Fyuhlnir tried to smile, and it was ghastly. Half of his face had frozen in a terrible rictus, his eyelid on that side gaping, letting blood trickle down his cheek. His lips failed to respond to the command to smile, twitching uselessly. “I saw you with the trolls,” he croaked. “My apologies, Althyof, master runeskowld.”
“Accepted. Now, what are we to do with you?”
“There’s nothing anyone can do.” Fyuhlnir shi
fted his gaze to the Alf on his other side. “I put you in Althyof’s command until you rejoin the others. Follow his lead, follow his orders.” His eyes rolled toward the sky, and he died.
“I don’t give orders,” said Althyof. “Follow me, follow my men—they know what to do. I won’t interrupt my trowba once I start it, so if you have questions, ask them now.” The Alf looked at him, his face slack, eyes empty. “Right, then,” murmured Althyof. “Alfar, hear me!” he shouted, standing straight. “Fyuhlnir has died at the hands of these damn trolls. Before he did, he entrusted your lives to my care. You’ve not fought with us before, so I will explain this once. I sing a trowba. I do not give orders. My men know how to fight with me and know what I want from them. What I want from you is that you stay with my men, doing what they do, when they do it. Questions?”

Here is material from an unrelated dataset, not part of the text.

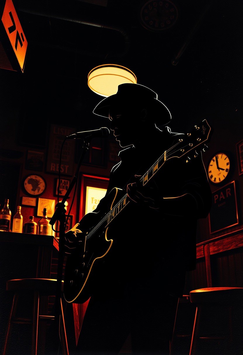 A high-angle perspective illustration using layered papier-mâché material and silhouetted backlighting. The subject is Robert Johnson in a gritty Alabama bar. The style is contemporary, with sculpted textured layers and a focus on the light source behind the subject, creating a dramatic effect.

There were none, so Althyof glanced at his Tverkar and began his trowba again, picking it up in the exact spot where he’d left it. He began his whirling dance, darting through the Alfar line to gut a troll here, slice the throat of another there. Once the Alfar picked up on the nature of the Tverkar method of battle, they adapted to it with grace and improvised to fit Althyof’s needs as if born to it.
They killed every troll encircling them, the trolls being too battle-hungry—or too stupid—to fall back when they lost the numerical advantage. The other runeskowlds and their warriors came jogging over, and the two forces merged into a larger unit.
Again, the trowba of the runeskowlds overlapped and combined to create a stronger and farther-reaching effect. Sounds of battle came to them on the wind and Althyof moved in that direction, the rhythm and pacing of his trowba increasing to accommodate faster travel.
The group crested a small rise and poured down the other side toward the flats where a battle between Isir raged. Althyof led his sprinting warriors and dancing runeskowlds into the fray, never hesitating. They smashed into the flanks of the queen’s forces to devastating effect.
The runeskowlds’ songs reached a crescendo and fell on the Isir enemy like a tidal wave obliterating a beach. Melodies and lyrics mixed and wove together to create a blanket of fear and hopelessness for the Isir—friendly and enemy alike, but that couldn’t be helped. The joined forces of the Tverkar and Alfar made short work of the Isir enemy, and Althyof steered the trowba into a stanza of recovery.